First of all the capital city is U/C....They have a project to renew the all city till 2030...and they started it now!!!wooooooow all of the city is U/C,but they can't build taller than 20 floors...but it's still nice to see more than 200 buildings U/C
the weather in the beginning was very cold maybe 13,rain,wind really a big BAAAAAAAAAA and so was 3 days,after that was hotter than in Israel
We lived in the center of the city,just 5 minutes from the central square... and there was a construction just next to my apartment...it's interesting to see how the buildings growing...BTW the workers worked also at nights...24 hours!!!!
*people*: it's really big city (in Israeli standarts) with 5 million population in the capital city Baku...mostly are azeris,3% are russians and maybe 0.3% are jews..The society is mostly very moderate,for example the people will look at u if u will go in the shorts out of the city center,it's a problem also an ear -ring for guys...etc... but the people are really polite and warm,remind a lot of turkish people
Big influence of turkish and russian culture in the country,almost all population speak russian and turkish,most don't speak english...
The local girls are really nice,but the guys not really..(FOR ME)

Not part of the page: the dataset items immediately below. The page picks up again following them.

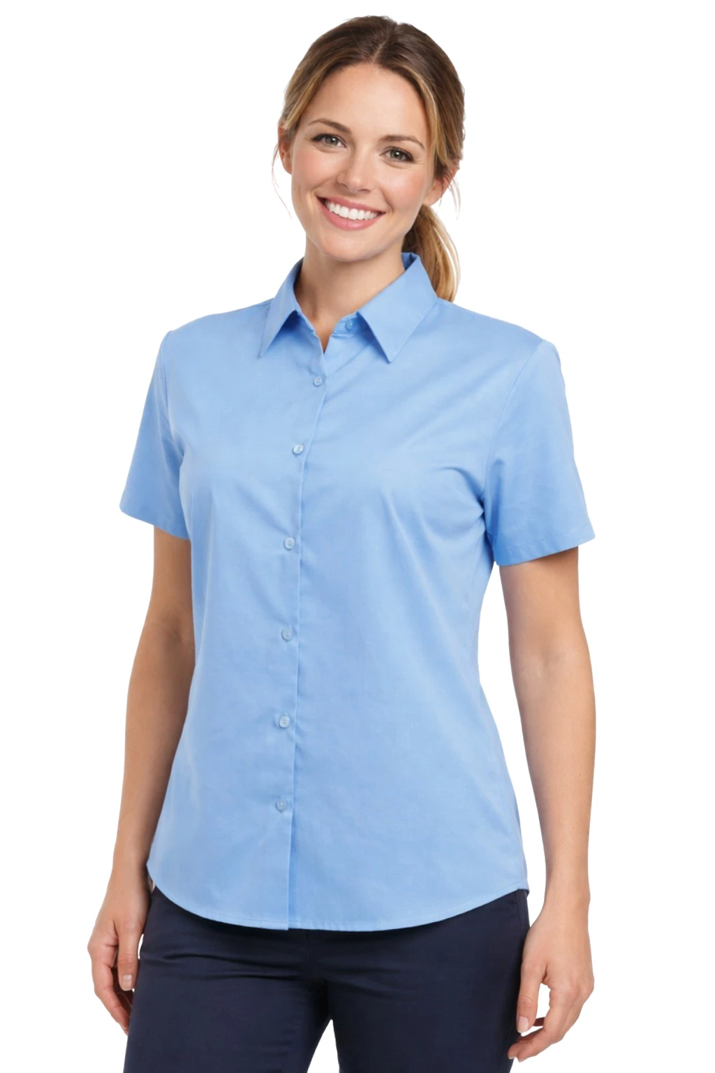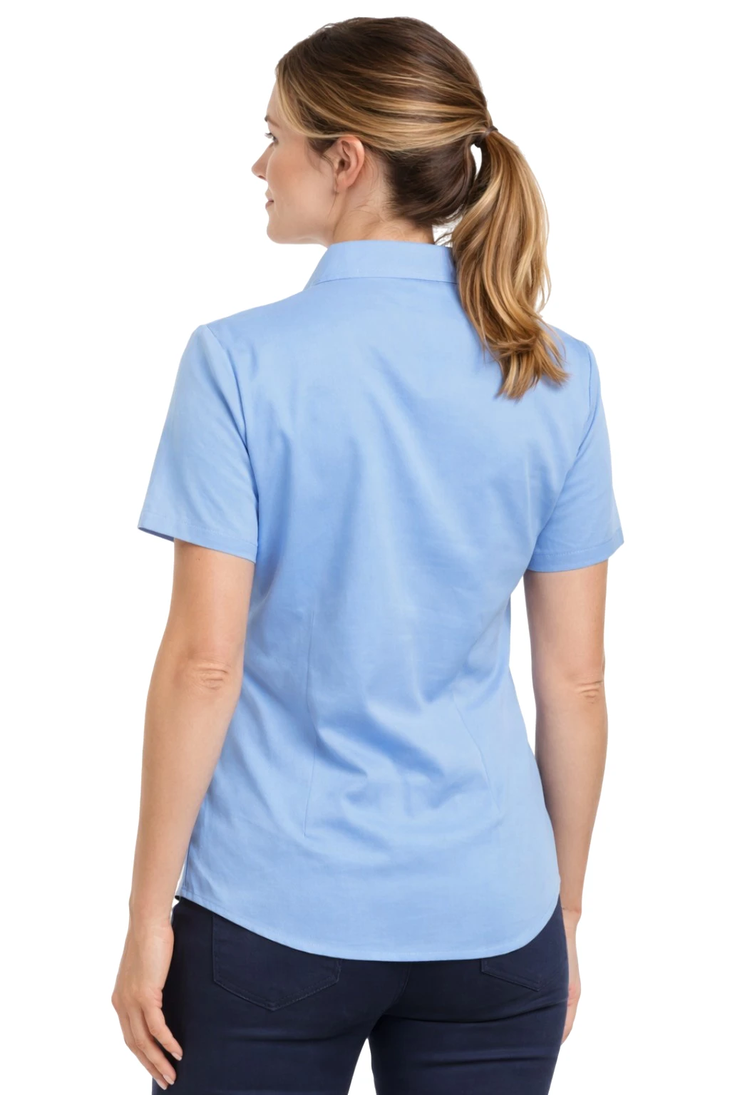 Damska koszula niebieska z krótkim rękawem to klasyczny model stworzony z myślą o profesjonalnym wizerunku w środowisku biznesowym. Doskonale sprawdzi się jako koszula firmowa dla pracownic biur, recepcji, hoteli, gastronomii oraz działów obsługi klienta.
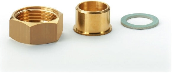 Anschlussverschraubung flachdichtend, bestehend aus Lötanschlussnippel, Überwurfmutter und solartauglicher Flachdichtung, 2 x 3 Teile/Set
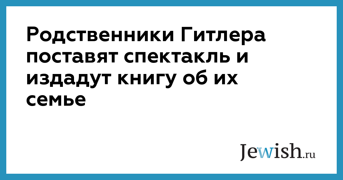 Родственники Гитлера поставят спектакль и издадут книгу об их семье
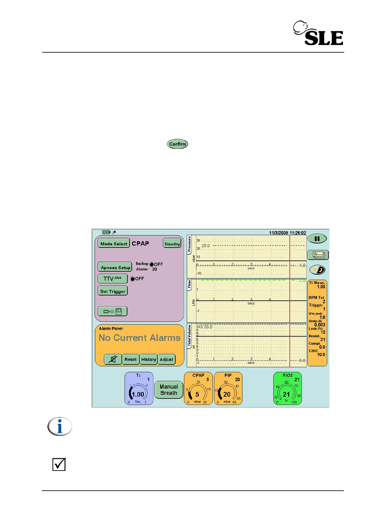 Backup is set to OFF and apnoea is detected after 20 seconds
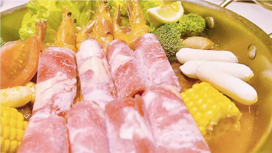 酸辣的锅底加入鲜虾、香茅、南姜等
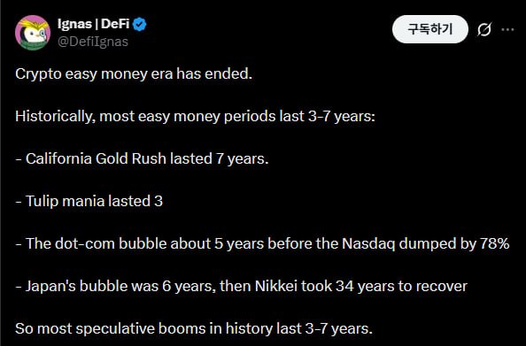 The era of making easy money in crypto is over. The era of making easy money in crypto is over. Historically, most periods of "easy money" lasted about 3 to 7 years. - The California Gold Rush lasted 7 years. - The Tulip Bubble lasted 3 years. - The Dot-com Bubble led to a 78% crash in the Nasdaq about 5 years later. - The Japanese Bubble lasted 6 years, and it took the Nikkei 34 years to recover. In other words, most speculative booms in history end within 3 to 7 years. The era of easy money in crypto began with ICOs in 2017. This was followed by DeFi Summer in 2020, NFTs in 2021, and then airdrops, point farming, and meme coins. It lasted for roughly 8 years. And I believe we have already passed that phase. This is because the Easy Money model has been fully discovered, utilized, and driven to the extreme through arbitrage amidst competition. The era of philosophical hard forks, such as BTC → BTC Gold and ETH → ETH Classic, has also ended. Crypto has now solidified not only technically but also culturally. - ICOs have faced regulation, - Airdrops are being farmed by industrial-scale civils, - Memecoin launches have degenerated from community play into extraction tools. This is why the Gold Rush analogy fits quite well. The end of FOMO is always similar. The visible gold veins are depleted, and from then on, industrial mining takes over. BTC mining was exactly the same. It shifted from individual mining to institutional-centric operations, and mining companies even went so far as to conduct IPOs. So, this is where crypto currently stands. It is a phase where people in suits like TradFi enter, and tokenization, RWA, enterprise permissioned chains, and regulation become central. The Trump family and insiders appear to be the ones raking in the last of the "easy money" in crypto. From a retail perspective, the days of picking up dropped gold nuggets are over. The remaining profit opportunities now lie in areas that require real infrastructure, real users, and real revenue. In other words, it means higher expertise, more specific knowledge, and truly grueling effort. I am not sure how many of us, who used to make money easily, are now ready to grind ourselves to the bone. I understand why many builders, KOLs, and projects are trying to milk every last drop out of crypto before leaving. After all, adapting to the new era of "hard money" won't be easy. So the question is this: Where should we pivot now to find that easy money? Asking on behalf of a friend. Original Text
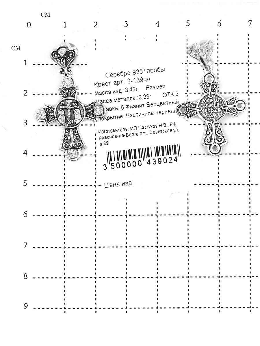 Крест из серебра с чернением и фианитами- 3,5 см 3-139чч
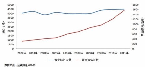 如下图所示,近十年黄金价格出现快速上涨趋势,2011年世界黄金的总供应量为4486吨,与2002年相比的年均增长率为1.16%,受美国和欧洲债务危机的影响,总增长率在2009年达到最高,为9.09%,而使黄金成为最好的投资选择之一的结果。总体看,全球黄金的供给呈现缓慢增长的态势,供给增长对未来金价并无太大压力。
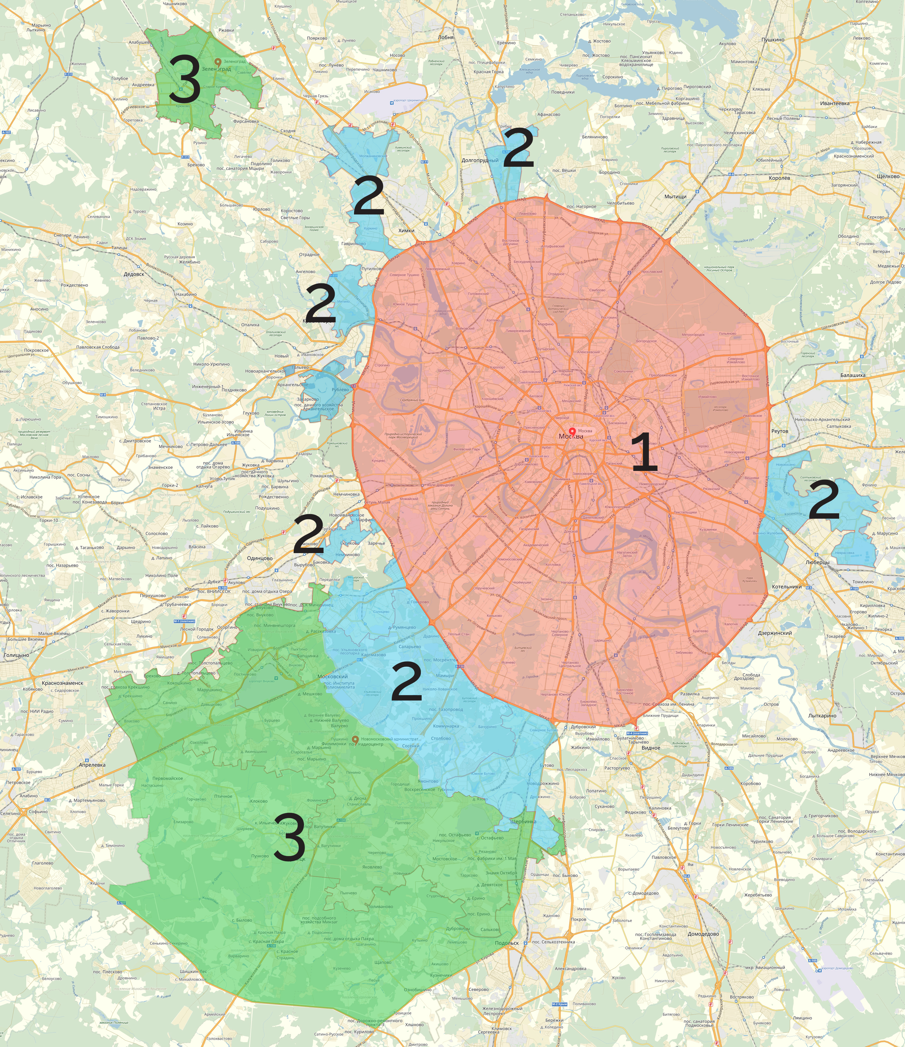 Зона №3 — см. зеленый цвет — Москва, за пределами МКАД, свыше 10 км, но не далее трассы А-107 (Московского малого кольца); Зеленоград:

about Baku:very green city,not very clean but also not dirty,with very nice eastern Europe architecture ,an old eastern European 4F buildings and new turkish towers,many people walk at the streets also at nights especially in the promenade near Caspian sea,BTW very dirty sea/lake,
The traffic is really crazy!!!no signs,people passing everywhere
Too many people in the bus,no air condition!!!


Ask questions


----------



## bnmaddict (Jan 6, 2005)

ZOHAR said:


> Ask questions


Where are the pics???


----------



## ZOHAR (Jul 16, 2005)

very soon...this saturday,i promise


----------



## Mamino Zlato (Feb 18, 2006)

I would think the architecture there would be more oriental than eastern European. Looking forward to seeing the pictures!


----------



## ZOHAR (Jul 16, 2005)

there is also some oriental architecture but mostly eastern european


----------



## Sinjin P. (Jul 17, 2005)

It'd be nice to see photos.... Can't wait :colgate:


----------